In retrospect, these Friday dinners became the perfect metaphor for her growing up years: offering choices, letting out the reins a bit, communicating about necessary changes as she asserted her independence.

Making compromises. Showing respect. Finding the balance between her heart's desire and ours.

Last Friday was one of those rare Fridays where we all gathered for dinner out together. Accustomed to my calendar-itis, the only cringing my husband and daughter indulge in these days is of the inward variety, but I honestly don't think there's much of that either. The nine-year-old who reveled in picking the restaurant has become a nineteen-year-old who is a part of the conversation. A year in college has taught her to look beyond the week ahead, and the calendar conversation quickly morphed into to-do lists and necessary back-to-school errands.

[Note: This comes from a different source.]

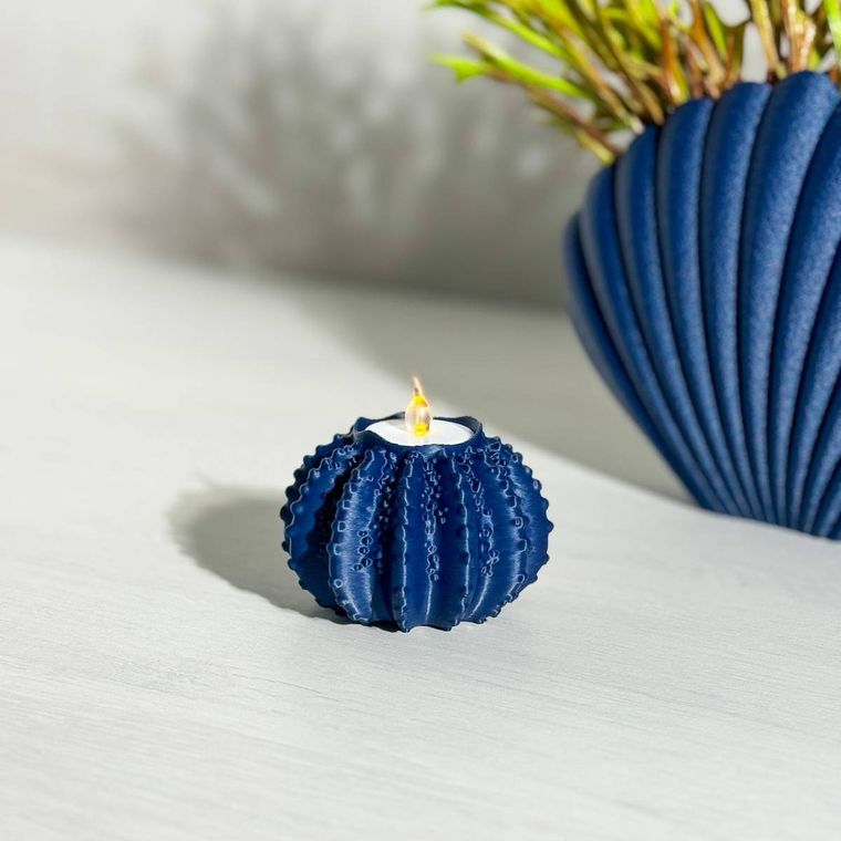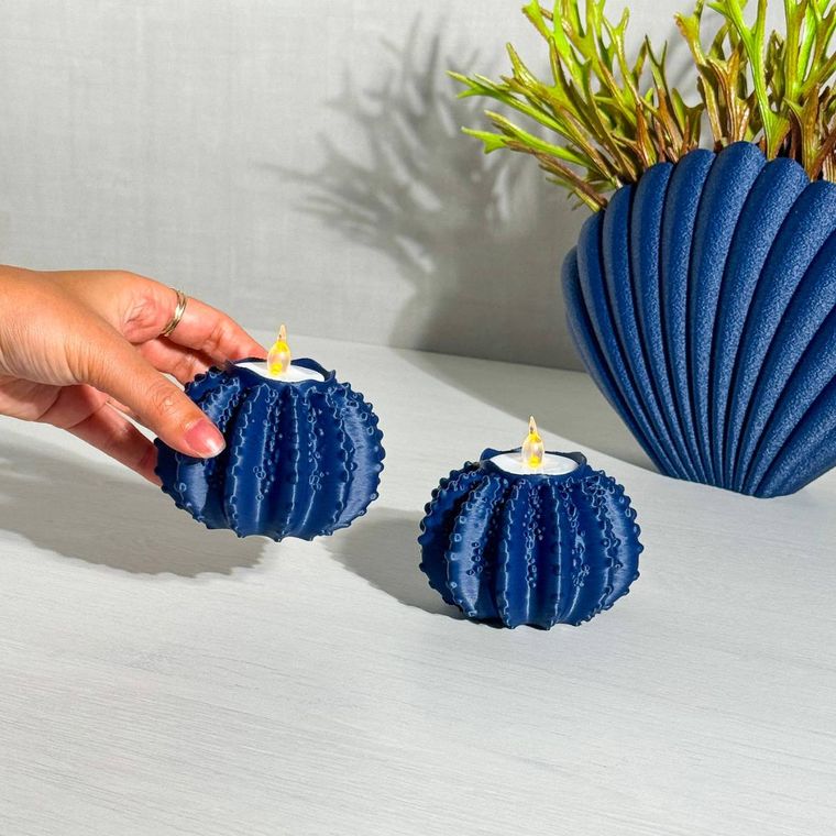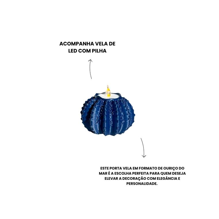 Kit 2 Porta Velas Ouriços do Mar Azul Marinho - Coleção Peixes
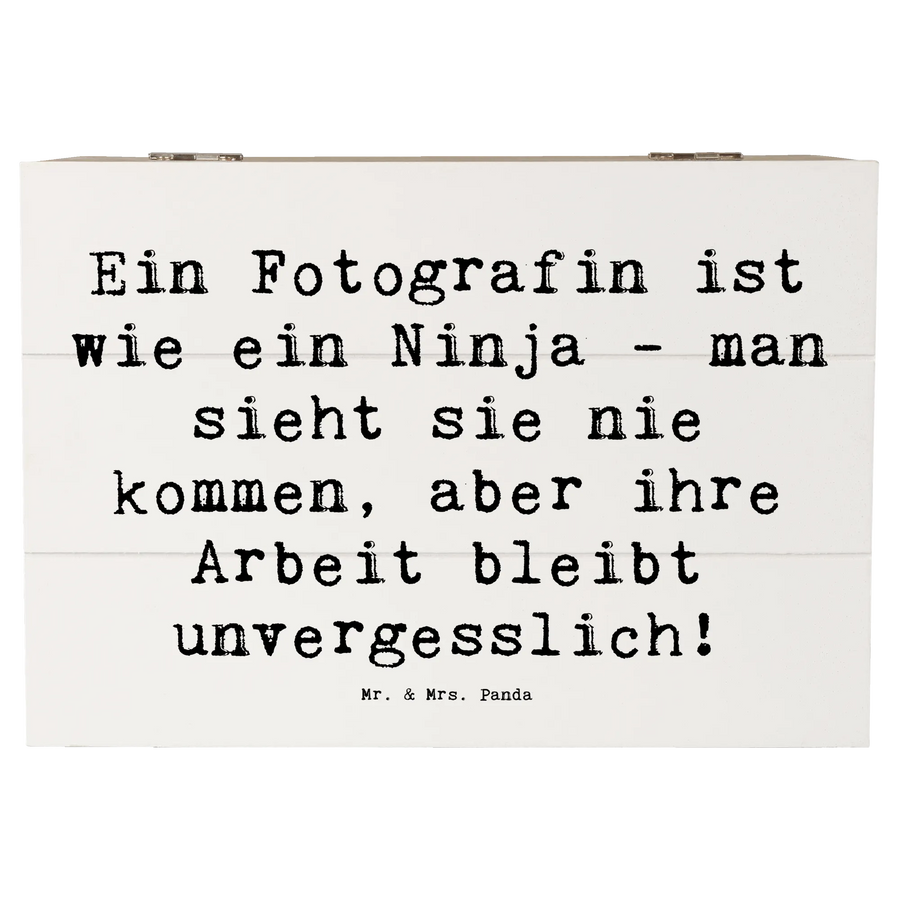 Du suchst nach dem perfekten Geschenk für eine Fotografin? Unsere wunderschöne Holzkiste von Mr. & Mrs. Panda, bedruckt mit dem charmanten Spruch "Ein Fotografin ist wie ein Ninja - man sieht sie nie kommen, aber ihre Arbeit bleibt unvergesslich!", ist die ideale Wahl!

A month from now, we'll be packing her up again, and she'll be heading to a place she's come to think of as another home. I remember those days and my own enthusiasm to get back to the friends who'd scattered across the country again after spring semester. Rather than being hurt or insulted by her excitement, I am instead happy that she has found a place worth going back to.

And just like that, my role has changed again. Through an intricate mix of Friday dinners and family vacations, movie nights and card games, informal chats and respect for the independence she's proven ready to handle, my job now is to make sure that home #1 is always a place she finds worth coming back to.

I'm up for that. Just don't ask me to cook on Friday.